Subject: Re: kernel compile
To: Ted Lemon <mellon@hoffman.vix.com>
From: Jonathan Stone <jonathan@DSG.Stanford.EDU>
List: port-pmax
Date: 02/01/1998 18:02:05
>> Oh, and there's one but in Ted's suggestion.  I prefer to make a
>> subdir first and test running config there; whereas Ted's suggestion
>> pollutes /sys/arch/pmax/conf with lots of twisty .h files created by
>> config.

>No it doesn't.  Config creates all its files in the compile directory.
>If config on the pmax does not, there's a bug in it that needs to be
>fixed.  I'm using config in the way it's been used since time
>immemorial - I've never heard of anybody using it your way before.
>Your way sounds fine, but it's certainly not the canonical way.
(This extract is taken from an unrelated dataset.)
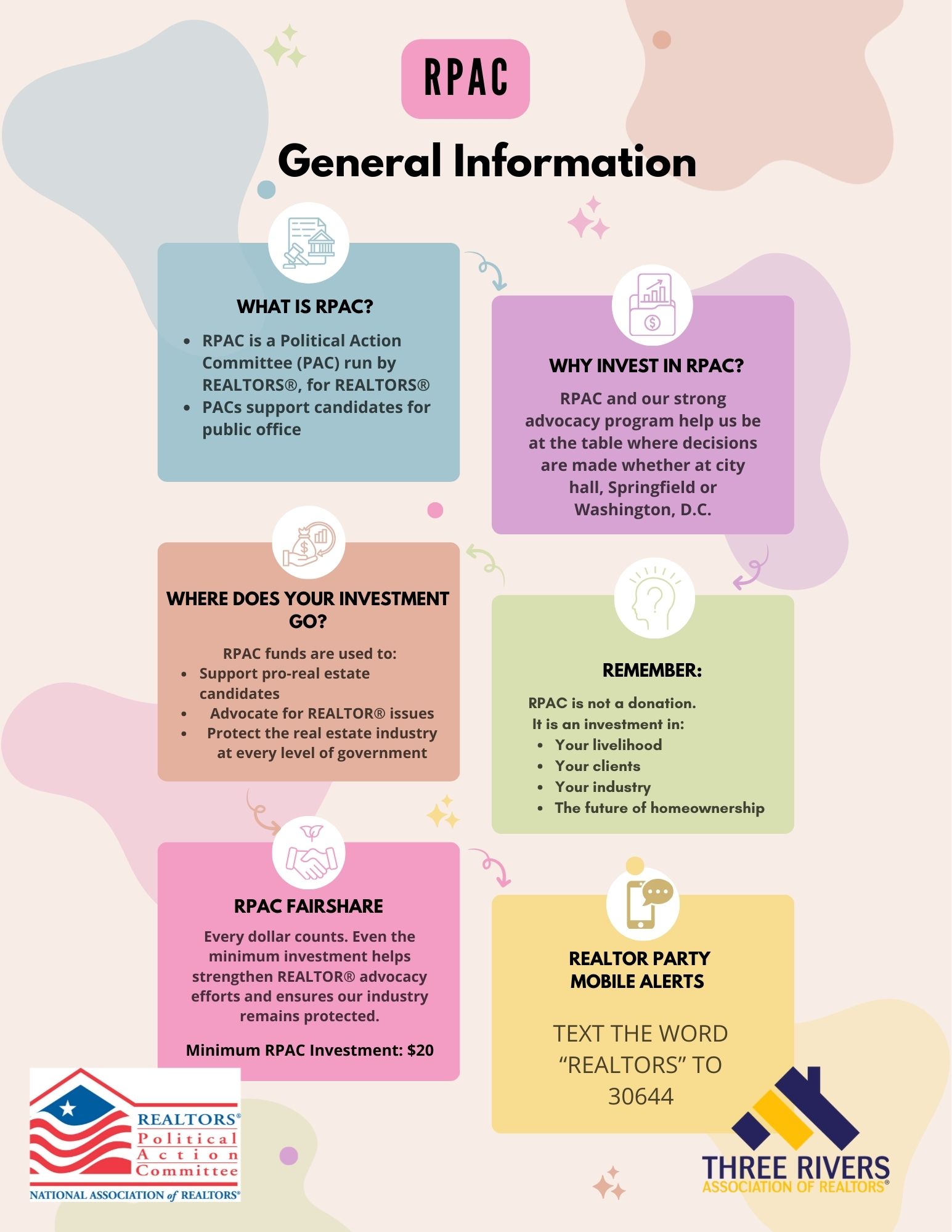 RPAC, established in 1969, is a political action committee (PAC) specifically for REALTORS®. Its primary purpose is to raise and spend money to elect candidates at the local, state, and federal levels who understand and support the real estate profession.

Oh, sorry, you're right.  It depends on where and how you run config,
though. (This [ddefault changed when Greg Hudson added the cruft for
building from a readonly source tree in the MIT environment.)

Since then, whether config spits out files in the current directory or
in ../compile/<CONFIGNAME> depends on -b (and possibly on -s).  I have
multiple trees and always use -s, so I prefer to do the explicit 
config -b -s thing.

If you only have one tree, and it's in /sys/, then Ted's suggestion of
the traditional behaviour works just fine.

Hey, why don't we get someone to write a replacement for the CSRG
`configuring and building kernels' section of SMM?